On le dit de l’écrivain mais on devrait le dire aussi du hâbleur, quoique pour de tout autres raisons. Le danger le guette en effet de se faire repérer dans des utilisations différentes de ses mêmes forfanteries. Tel est le conseil que je donnai en tout cas un jour à un de mes nombreux chefs de service, qui n’était pas écrivain pour deux sous, du temps où je m’étais fourvoyé dans une administration décentralisée, aux multiples compétences.
Mais comment m’étais-je donc retrouvé petit soldat dans cette armée de généraux ? Commençons par là si vous le voulez bien; juste pour dire que, y étant entré par erreur, je ne pouvais en sortir que par une porte dérobée et en m’essuyant le front comme quand on l’a échappée belle après avoir encouru un sérieux danger.

J’avais préalablement été un peu tout et rien, étudiant, chômeur, promeneur, ouvrier, délinquant plus ou moins actif et, en dernier lieu, bûcheron. Ce fut donc absolument éreinté, les mains abîmées par les intempéries et le contact rugueux du bois, las aussi de fuir les petits papiers blancs, puis roses, puis bleus, d’huissiers sempiternellement lancés à mes trousses pour me soutirer des arriérés de cotisations, des retards de TVA, des échéances d’impôts et autres persécutions légales, que je décidai un beau jour de déposer mes armes sur un bureau de la Chambre de commerce en y signant, dépité, la cessation de mon activité de bûcheron-négociant en bois, entamée quelque dix ans plus tôt.

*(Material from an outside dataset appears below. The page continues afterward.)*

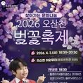 (중부시사신문) 오산문화재단은 오는 4월 3일 오후 6시 30분 오산천 야외무대(종합운동장 뒤편)에서 시민들과 함께하는 봄맞이 ‘2026 오산천 벚꽃 축제’를 개최한다. 이번 행사는 따뜻한 봄의 시작을 알리며 시민들에게 특별한 추억을 선사하기 위해 마련된 것으로, 가수 황민호의 축하 공연을 비롯해 점등식과 폭죽 퍼포먼스가 어우러져 오산천 일대를 화려한 봄밤의 분위기로 물들일 예정이다. 행사 당일에는 음악과 빛, 불꽃이 조화를 이루는 다양한 프로그램이 진행되며, 남녀노소 누구나 함께 즐길 수 있는 열린 문화행사로 시민들의 큰 호응이 기대된다. 오산문화재단 관계자는 “오산천에서 펼쳐지는 이번 축제가 시민들에게 특별한 봄밤의 추억으로 남길 바란다”며 “앞으로도 시민들이 일상 가까이에서 문화와 예술을 향유할 수 있도록 다양한 프로그램을 지속적으로 마련하겠다”고 밝혔다.

Fin d’une complicité que j’avais imaginée possible entre une espèce de rousseauisme nigaud, la nature, les p’tits oiseaux, l’air pur et les matins clairets, et un gagne-pain. La faim, c’est bien vrai, fait sortir le loup du bois et je quittai donc l’ombre des allées forestières, des chemins creux et des parcelles boisées en laissant accrochées dans les branches, tels les oripeaux de la défaite, mes dernières illusions d’un travail librement choisi, non salarié et en dehors du convenu social.
Libre, les bras ballants, le nez en l’air, je réfléchis ainsi quelque temps sur la direction à prendre. Réfléchir, c’est bien beau, mais réfléchir à quoi au juste ? Je ne savais pratiquement rien faire, je n’avais jamais appris le moindre métier et il était désormais bien tard pour m’aventurer dans une vie de larron capable de m’assurer la survie : j’étais donc mûr pour tenter de me mettre au vert dans une administration quelconque. Ce que je fis, au grand amusement de mes amis les plus chers. Je passai outre leur gouaillerie, j’étais fourbu, je vous l’ai dit, et j’avais grand besoin de me reposer sur des lauriers putatifs pendant que bouillerait quand même sur mon maigre feu un semblant de marmite.
Je fis donc une dictée, un extrait de Madame Bovary. On me demanda ensuite d’expliquer l’expression faire le philosophe à propos de Bovary-père préconisant pour l’éducation de son fils qu’on le laissât courir nu dans la nature, puis je calculai deux ou trois pourcentages d’une somme empruntée par un quidam, je dégageai le capital, et le coût total du crédit, - ça j’avais appris à le faire à mes dépens -, je répondis enfin avec bonheur à quelques questions de droit - ça aussi, j’avais appris sur le tas car il n’y a pas plus fin juriste qu’un gars qui a longtemps cherché à vivre en contournant les lois -, et hop, je vis comme par miracle s’ouvrir devant moi les portes confortablement capitonnées d’un emploi de fonctionnaire.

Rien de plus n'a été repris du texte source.